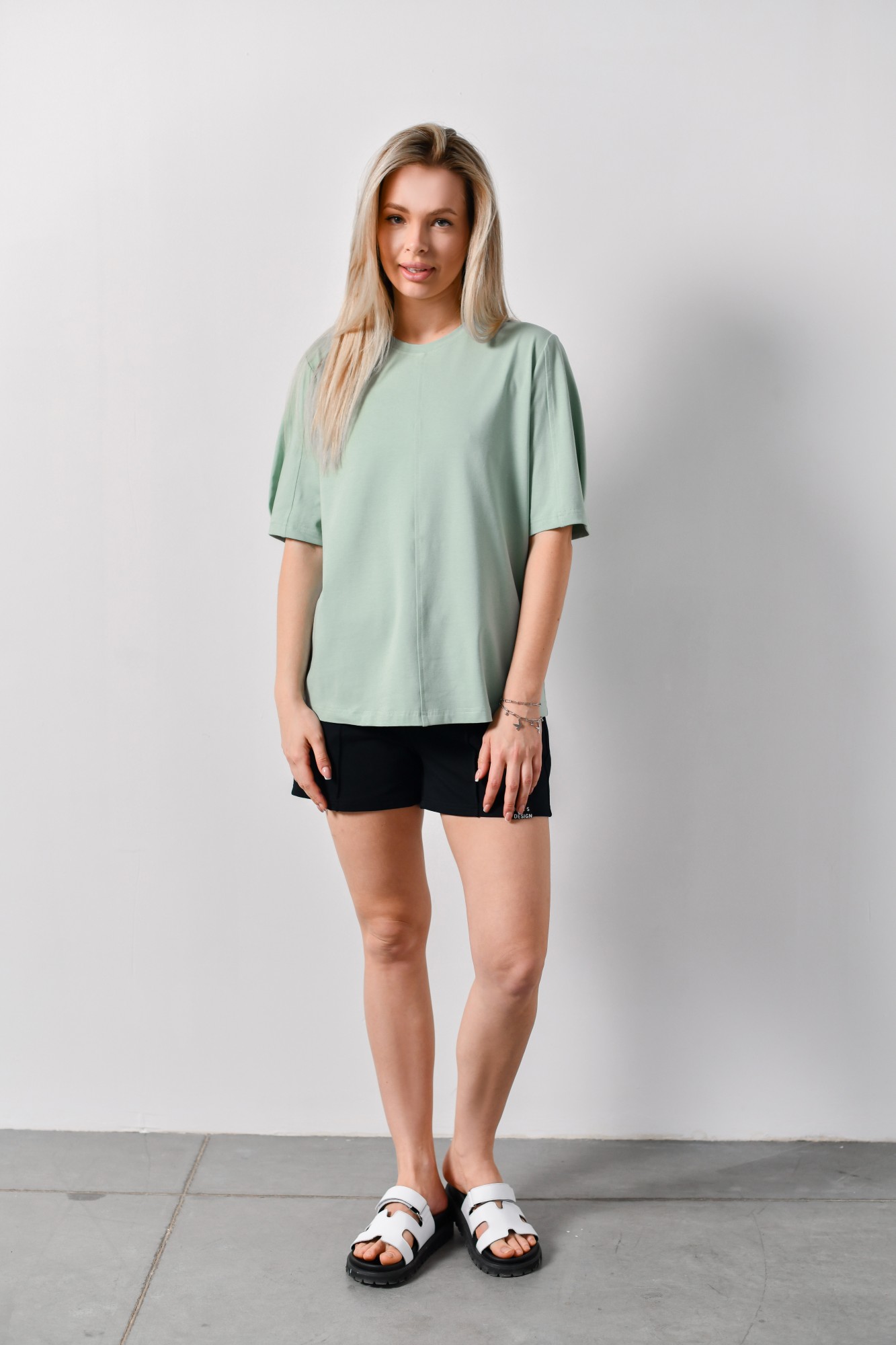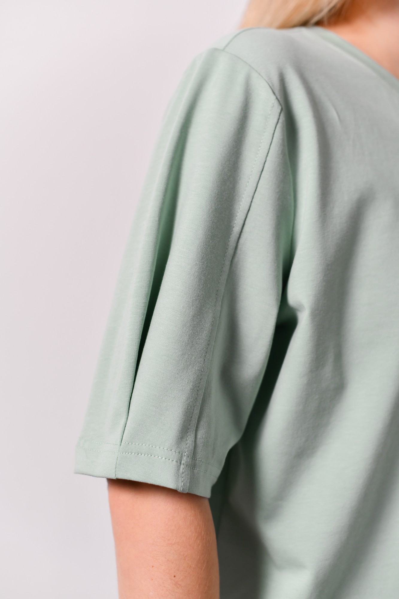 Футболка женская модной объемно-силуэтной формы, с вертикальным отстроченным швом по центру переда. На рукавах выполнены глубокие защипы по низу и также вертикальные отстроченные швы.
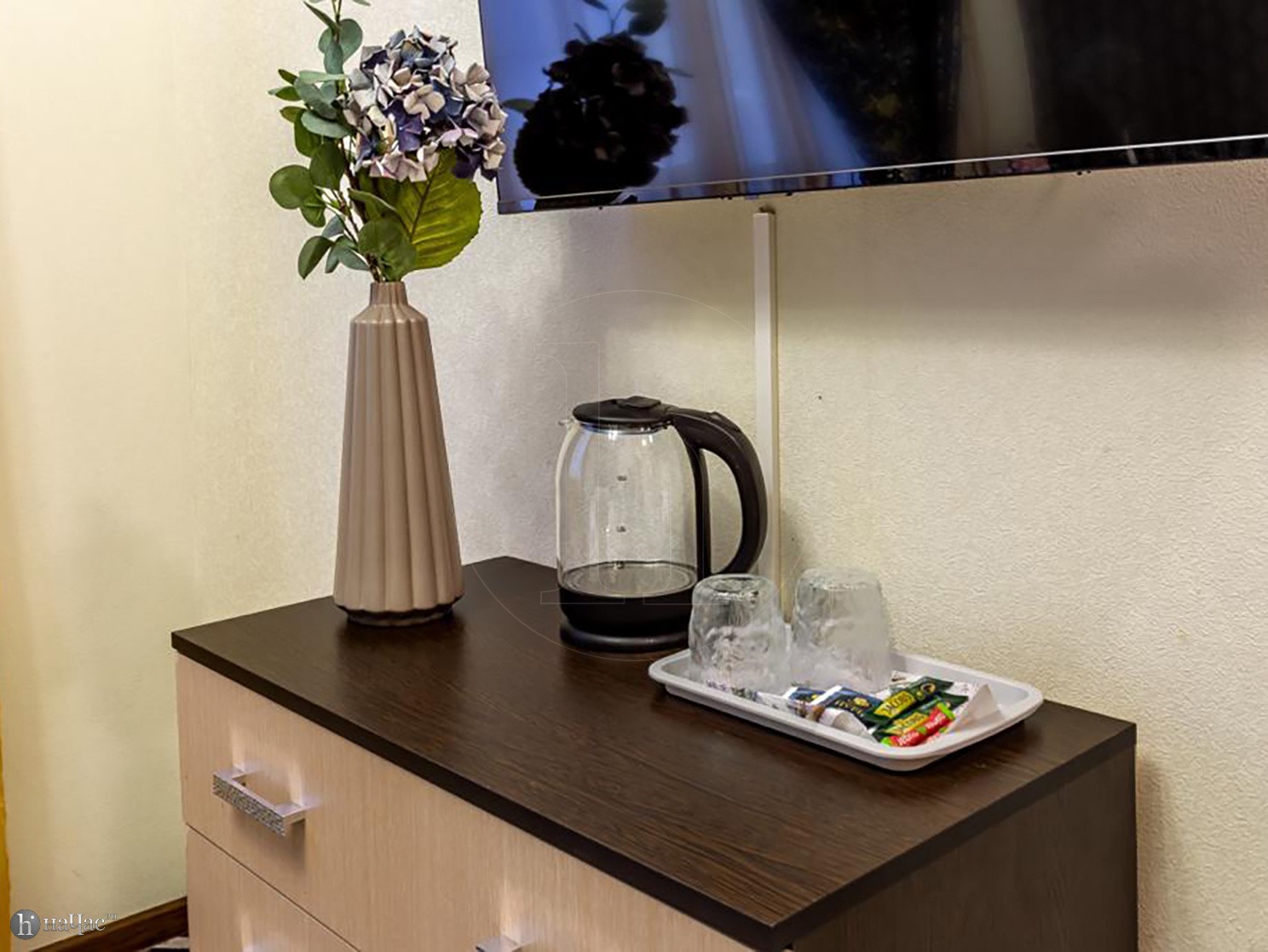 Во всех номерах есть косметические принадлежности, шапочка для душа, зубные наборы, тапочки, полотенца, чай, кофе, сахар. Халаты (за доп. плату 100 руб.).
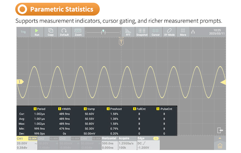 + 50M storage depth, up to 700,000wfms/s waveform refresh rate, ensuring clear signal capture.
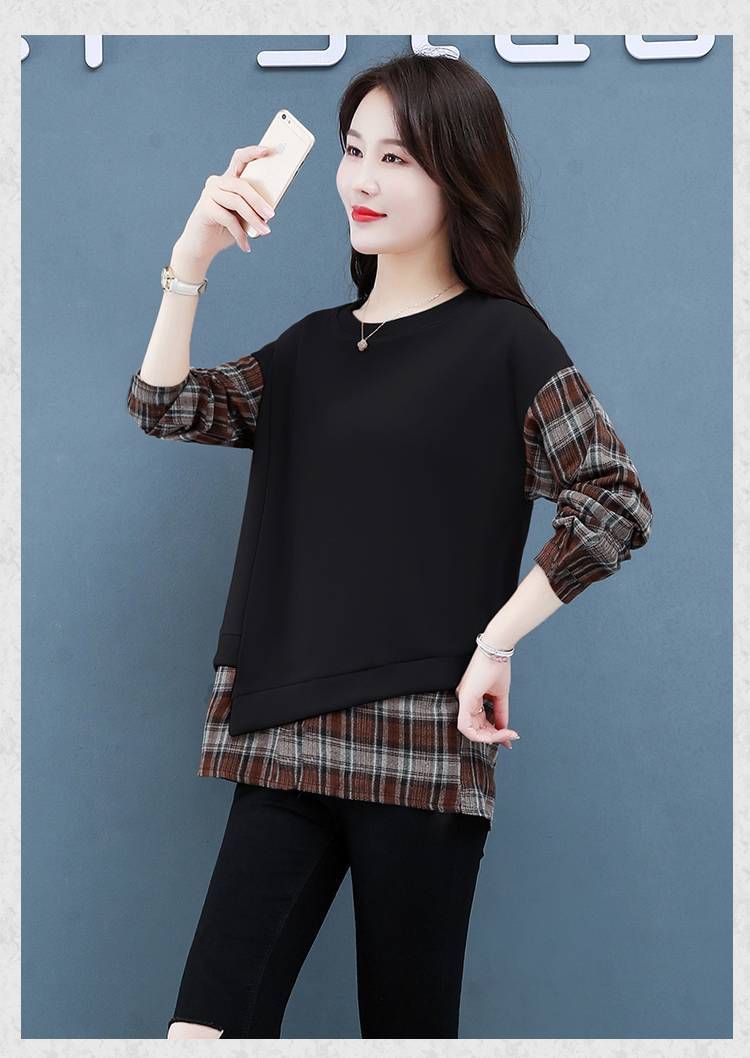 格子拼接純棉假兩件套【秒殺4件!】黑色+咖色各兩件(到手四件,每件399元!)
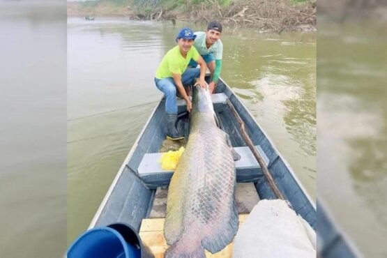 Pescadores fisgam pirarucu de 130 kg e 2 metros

——

Pictures in the entries are to be skipped, and everything else repeated word for word.

The answer:
 Футболка женская модной объемно-силуэтной формы, с вертикальным отстроченным швом по центру переда. На рукавах выполнены глубокие защипы по низу и также вертикальные отстроченные швы.
 Во всех номерах есть косметические принадлежности, шапочка для душа, зубные наборы, тапочки, полотенца, чай, кофе, сахар. Халаты (за доп. плату 100 руб.).
 + 50M storage depth, up to 700,000wfms/s waveform refresh rate, ensuring clear signal capture.
 格子拼接純棉假兩件套【秒殺4件!】黑色+咖色各兩件(到手四件,每件399元!)
 Pescadores fisgam pirarucu de 130 kg e 2 metros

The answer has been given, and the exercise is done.